= Beginning of Section =

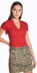 Efektně působí zapínání za krkem v podobě vázání na mašli a stojáček, který působí velmi elegantně. Tento model je jednobarevný a proto jej můžete kombinovat jak s kalhotami, tak i se sukněmi jakýchkoliv barev. Halenkové tričko je volnějšího, splývavého střihu, který zakryje případné nedokonalosti.
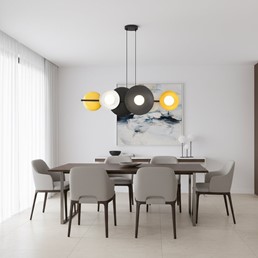 Prezentowana lampa wisząca to elegancki i funkcjonalny element oświetlenia, który doskonale sprawdzi się w różnych wnętrzach. Dzięki swojemu designowi pasuje zarówno do nowoczesnych, jak i klasycznych aranżacji. Może pełnić rolę głównego źródła światła w salonie, jadalni, kuchni czy sypialni. Zawieszona nad stołem lub wyspą kuchenną tworzy przytulną atmosferę i podkreśla charakter przestrzeni. Wysokość zawieszenia często można regulować, co pozwala dopasować ją do indywidualnych potrzeb i wysokości pomieszczenia.
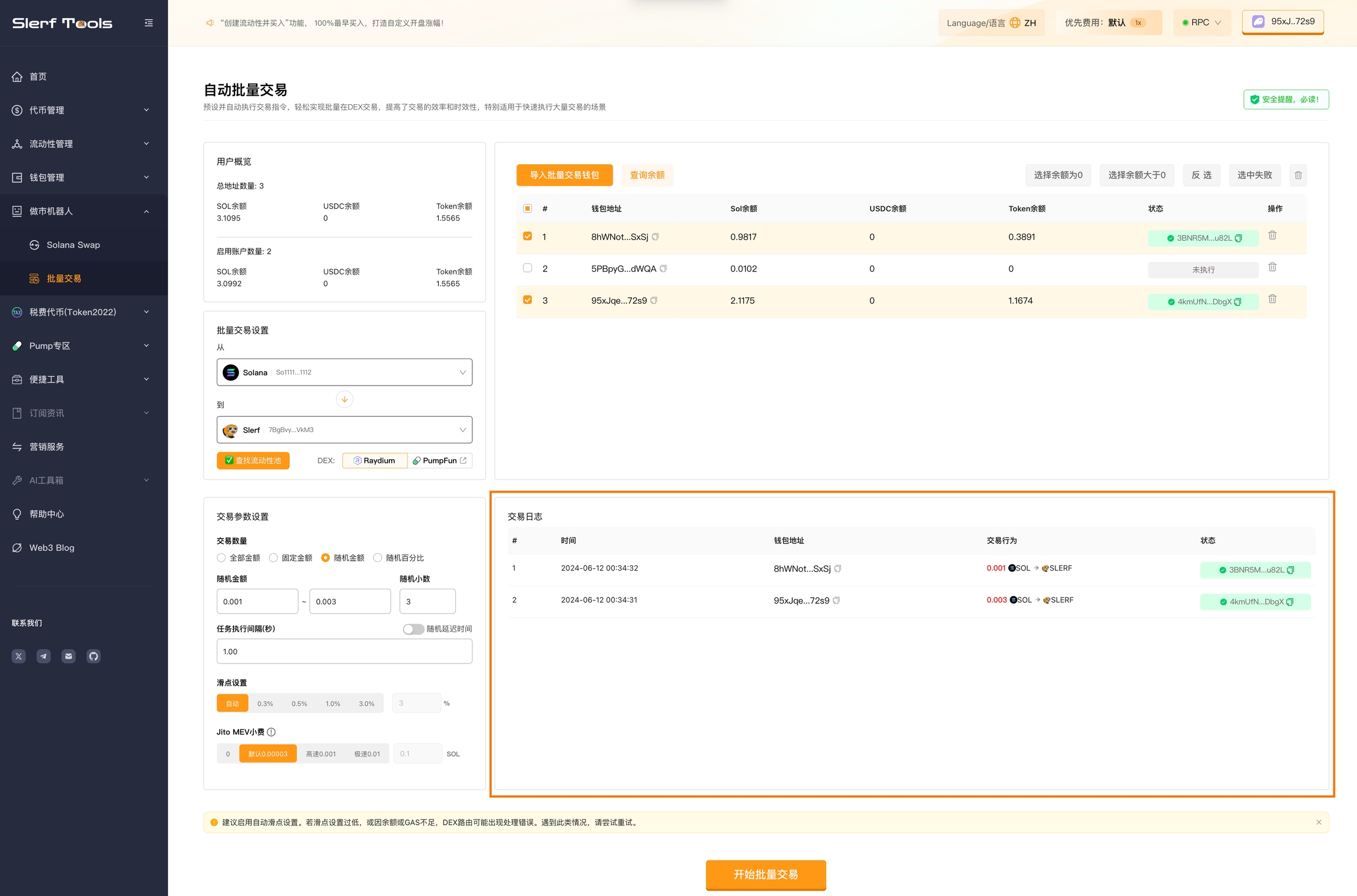 Use the Solana bulk trading tool to easily manage multiple accounts, efficiently execute bulk trades, reduce transaction costs and time, and optimize fund utilization efficiency.
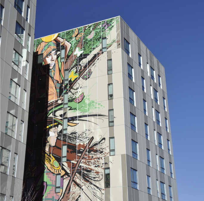 Called Mariposa—Spanish for “butterfly”—the 15-acre transit-oriented development invites the mixed-income residents to thrive. They tend community gardens, play and exercise in a park, enjoy art, and engage in special features, such as a stairwell with an art installation that uses LED lighting to tell a Mayan story, which also encourages residents to use the stairs. Better access to the light rail stop adjacent to Mariposa gives the neighborhood another dynamic aspect and easier, more environmental commuting.
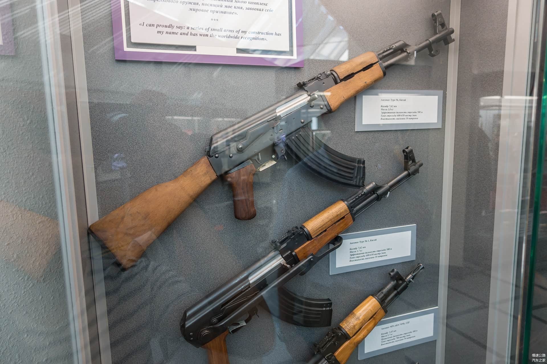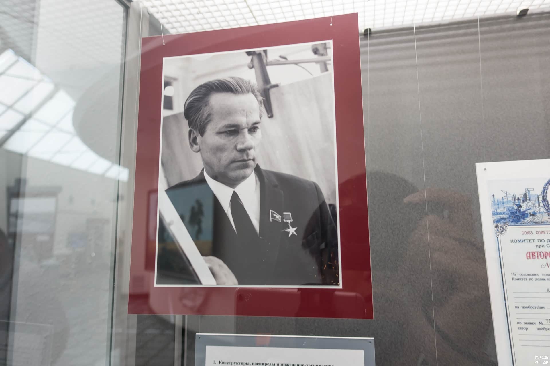 参观纪念馆是完全免费的,但如果你想要拍照,就必须支付100卢布一人,相当于10元人民币。从二楼开始欣赏展物,依次展示了卡拉什尼科夫的出生、发迹、AK诞生的过程以及所有他获得的荣誉,简单说,讲述了“一位农村出生热爱做手工的少年在参加卫国战争不幸受伤后开始奋发图强想研究更好的武器来保卫祖国,终于黄天不负有心人助其成功制造出全世界最伟大的枪支,这位少年也终于成为一代英雄”的励志故事。不过让人唏嘘的是,俄罗斯枪王因主动放弃AK47的专利权,落得一生清贫。

= End of Section =

* [Task item] Your response should reproduce the entire listing verbatim, minus the pictures.

* [Written answer]
 Efektně působí zapínání za krkem v podobě vázání na mašli a stojáček, který působí velmi elegantně. Tento model je jednobarevný a proto jej můžete kombinovat jak s kalhotami, tak i se sukněmi jakýchkoliv barev. Halenkové tričko je volnějšího, splývavého střihu, který zakryje případné nedokonalosti.
 Prezentowana lampa wisząca to elegancki i funkcjonalny element oświetlenia, który doskonale sprawdzi się w różnych wnętrzach. Dzięki swojemu designowi pasuje zarówno do nowoczesnych, jak i klasycznych aranżacji. Może pełnić rolę głównego źródła światła w salonie, jadalni, kuchni czy sypialni. Zawieszona nad stołem lub wyspą kuchenną tworzy przytulną atmosferę i podkreśla charakter przestrzeni. Wysokość zawieszenia często można regulować, co pozwala dopasować ją do indywidualnych potrzeb i wysokości pomieszczenia.
 Use the Solana bulk trading tool to easily manage multiple accounts, efficiently execute bulk trades, reduce transaction costs and time, and optimize fund utilization efficiency.
 Called Mariposa—Spanish for “butterfly”—the 15-acre transit-oriented development invites the mixed-income residents to thrive. They tend community gardens, play and exercise in a park, enjoy art, and engage in special features, such as a stairwell with an art installation that uses LED lighting to tell a Mayan story, which also encourages residents to use the stairs. Better access to the light rail stop adjacent to Mariposa gives the neighborhood another dynamic aspect and easier, more environmental commuting.
 参观纪念馆是完全免费的,但如果你想要拍照,就必须支付100卢布一人,相当于10元人民币。从二楼开始欣赏展物,依次展示了卡拉什尼科夫的出生、发迹、AK诞生的过程以及所有他获得的荣誉,简单说,讲述了“一位农村出生热爱做手工的少年在参加卫国战争不幸受伤后开始奋发图强想研究更好的武器来保卫祖国,终于黄天不负有心人助其成功制造出全世界最伟大的枪支,这位少年也终于成为一代英雄”的励志故事。不过让人唏嘘的是,俄罗斯枪王因主动放弃AK47的专利权,落得一生清贫。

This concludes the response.